From the complete Buckeye corpus we split off several subsets. The most
important are the sets labelled as devpart1
and zs
in the code here. These
sets respectively correspond to English1
and English2
in Kamper et al.,
2016, so see the paper for more details. More
details of which speakers are found in which set is also given at the end of
features/readme.md. We use the entire Xitsonga dataset
provided as part of the Zero Speech Challenge 2015 (this was already a subset
of the NCHLT data).
Preliminaries
Obtain all the datasets as described in the Datasets section described above.

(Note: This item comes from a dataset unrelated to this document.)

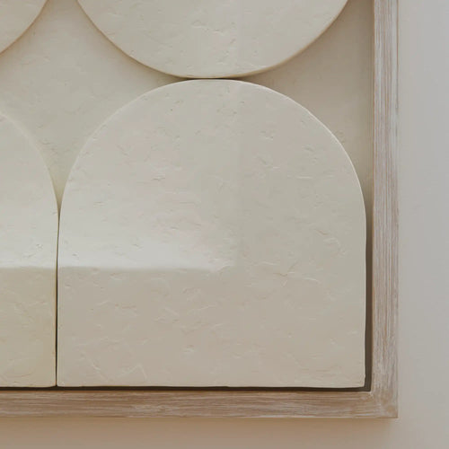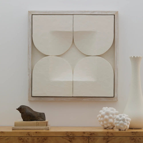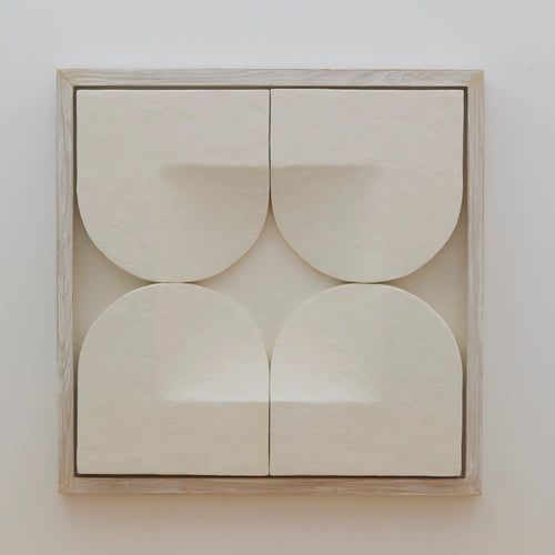 Handcrafted from thick plaster and finished with a hand-painted surface, each element reveals subtle tonal and textural variations. The work is framed in a whitewashed wood frame, its clean lines framing the dimensionality without distraction. At 30” x 30”, it holds the presence of a small-scale architectural wall panel, offering both minimalism and material depth.
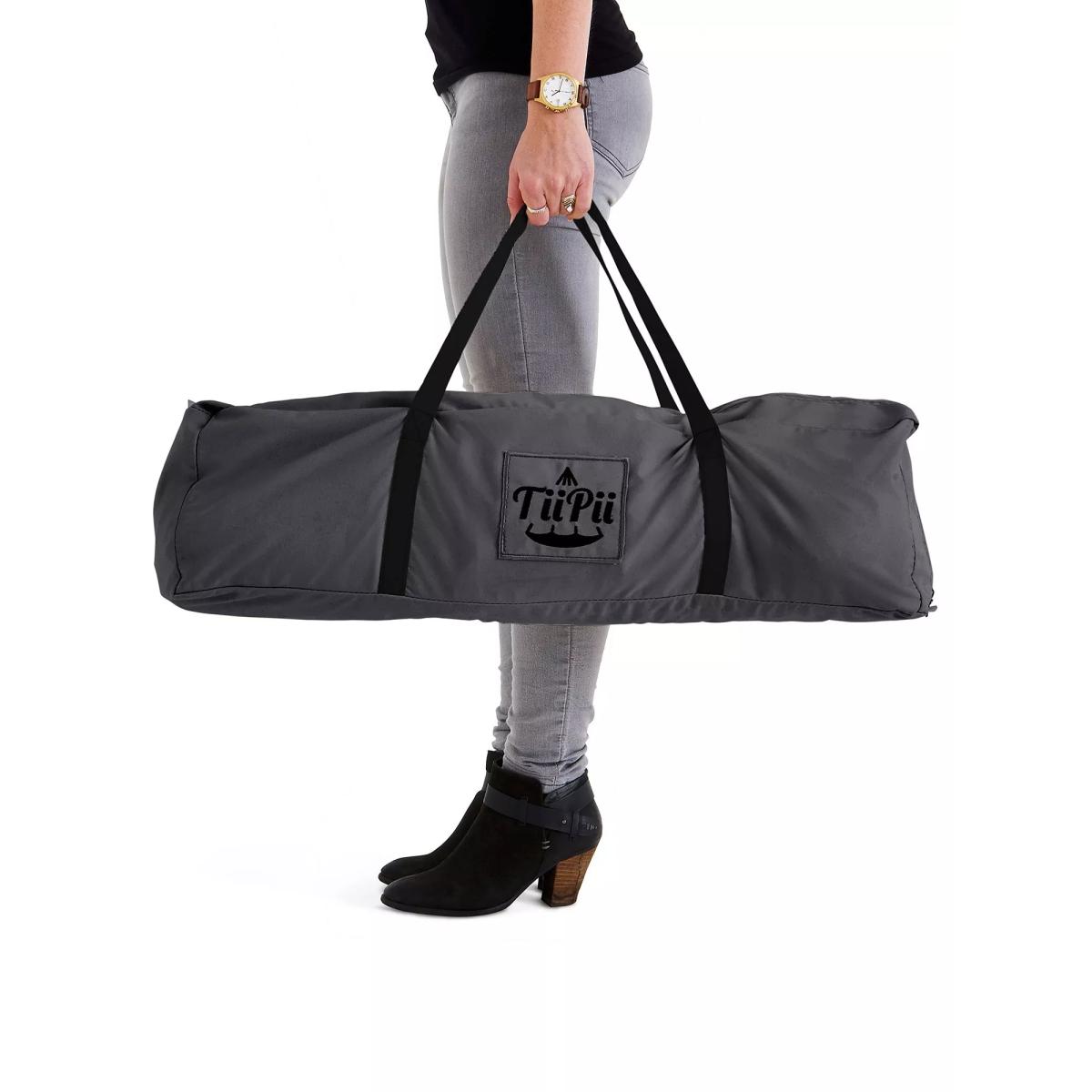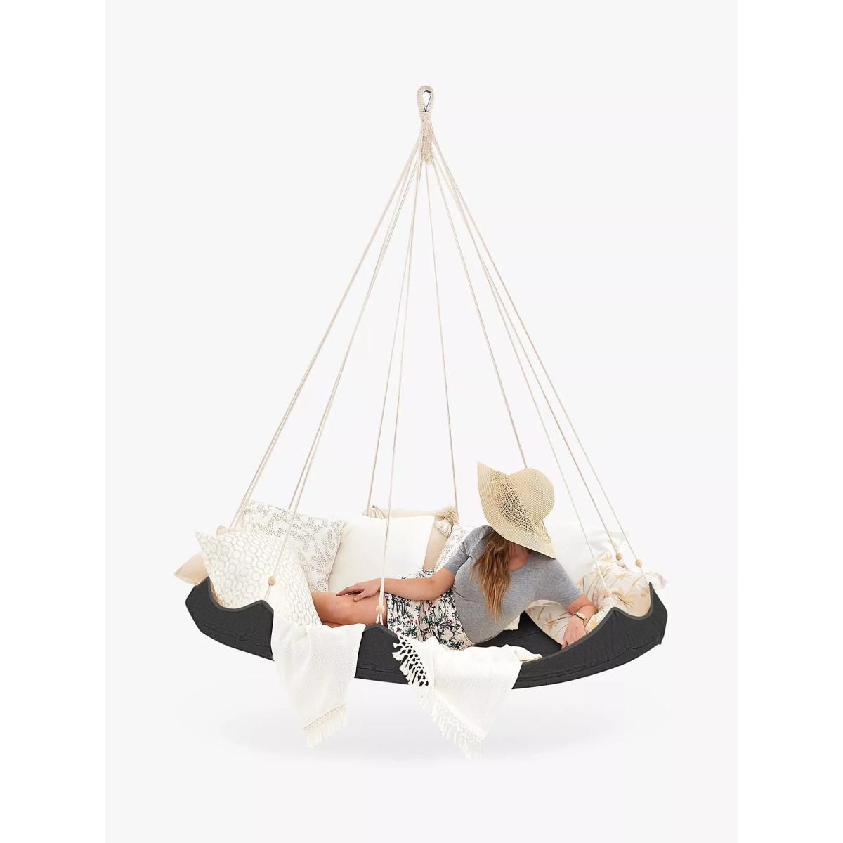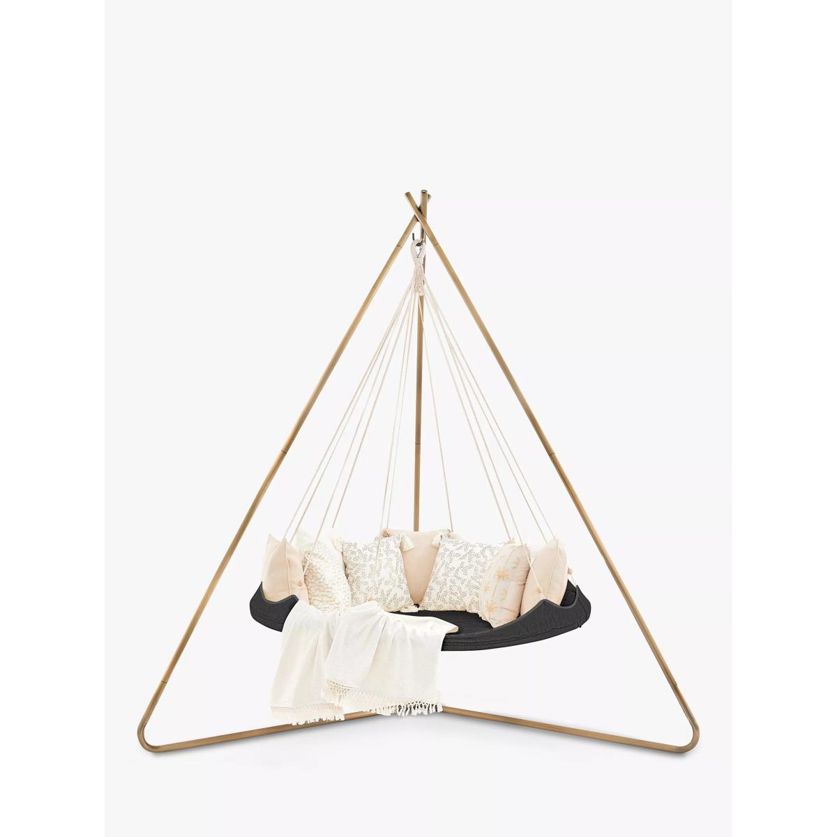 Explore your new Tii Pii space: read, play, snuggle, inspire, sleep, relax; it's up to you. The Medium Classic Tii Pii Bed comfortably supports two to three adults and is the ultimate floating daybed, bringing luxury lounging to the great outdoors. Exclusively made with Sunbrella® solution-dyed material that’s specially designed for hearty outdoor living and commercial applications, the Deluxe collection is the recommended range of choice for all poolside, seaside, resort or rooftop lounging environments. This is due to the refined Sunbrella® weather-resistant woven acrylic that is anti-stain, anti-mould and completely UV-resistant. The fabric is light, breathable and brilliant to the touch. Reinforced aluminum ring sections within the Deluxe bed alongside all-weather ropes ensure this range withstands the elements and the environment in which it's placed. Showcasing macramé finishing touches and a chic attachable sheer net, it's stylish and contemporary with comfort like no other. Suspend it from a safe outdoor structure, beam or branch or pair it with Deluxe Bronzed Stainless Steel Tii Pii Stand, sold separately. All elements compact down into a convenient transportable canvas storage bag, giving you the option to take the Tii Pii on holiday, to a festival or on the road to your next adventure. Complete the look with the Medium Tii Pii Poncho Protective Weather Cover, sold separately. Key features: Supports up to 250kg Suitable for frequent outdoor use Made with Sunbrella® performance fabric Anti-mould, anti-stain, anti-UV and water-resistant Reinforced aluminium ring sections All weather synthetic ropes Easily assembled in 10 minutes Includes sheer white ambient net Machine washable or spot cleaned with diluted bleach Compacts down into a 70cm bag for storage and transportation Free-hang or suspend from a Tii Pii Stand (sold separately) Weighs only 7.5kg

Install all the standalone dependencies (see Dependencies section below). Then
clone the required GitHub repositories into ../src/
as follows:
mkdir ../src/
git clone https://github.com/kamperh/segmentalist.git ../src/segmentalist/
git clone https://github.com/kamperh/speech_correspondence.git \
../src/speech_correspondence/
git clone https://github.com/kamperh/speech_dtw.git ../src/speech_dtw/
git clone https://github.com/bootphon/tde.git ../src/tde
For both segmentalist
and speech_dtw
, you need to run make
to build. Unit
tests can be performed by running make test
. See the readmes for more
details.
The speech_correspondence
and speech_dtw
repositories are only necessary if
you plan to do correspondence autoencoder (cAE) feature extraction. This
repository uses the Theano and Pylearn2 dependencies, which is unnecessary if
cAE features will not be used. The tde
repository is only necessary if you
plan to also calculate the evaluation metrics from the Zero Resource Speech
Challenge 2015; without tde
you will not be able to calculate the metrics in
Section 4.5 of Kamper et al., 2016, but you
will still be able to calculate the other metrics in the paper.
The tde
package itself needs to be setup. In ../src/tde/
run the following:
python setup.py build_ext --inplace
python setup_freeze.py build_exe
python move_build.py english english_dir
python move_build.py xitsonga xitsonga_dir
Feature extraction
Some preprocessed resources are given in features/data/
. Extract MFCC
features by running the steps in features/readme.md. Some
steps are optional depending on whether you intend to train a cAE (see below).
Correspondence autoencoder features (optional)
In Kamper et al., 2016 we compare both MFCCs and correspondence autoencoder (cAE) features as input to our system. It is not necessary to perform the steps below if you are happy with using MFCCs. The cAE was first introduced in this paper:
- H. Kamper, M. Elsner, A. Jansen, and S. J. Goldwater, "Unsupervised neural network based feature extraction using weak top-down constraints," in Proc. ICASSP, 2015.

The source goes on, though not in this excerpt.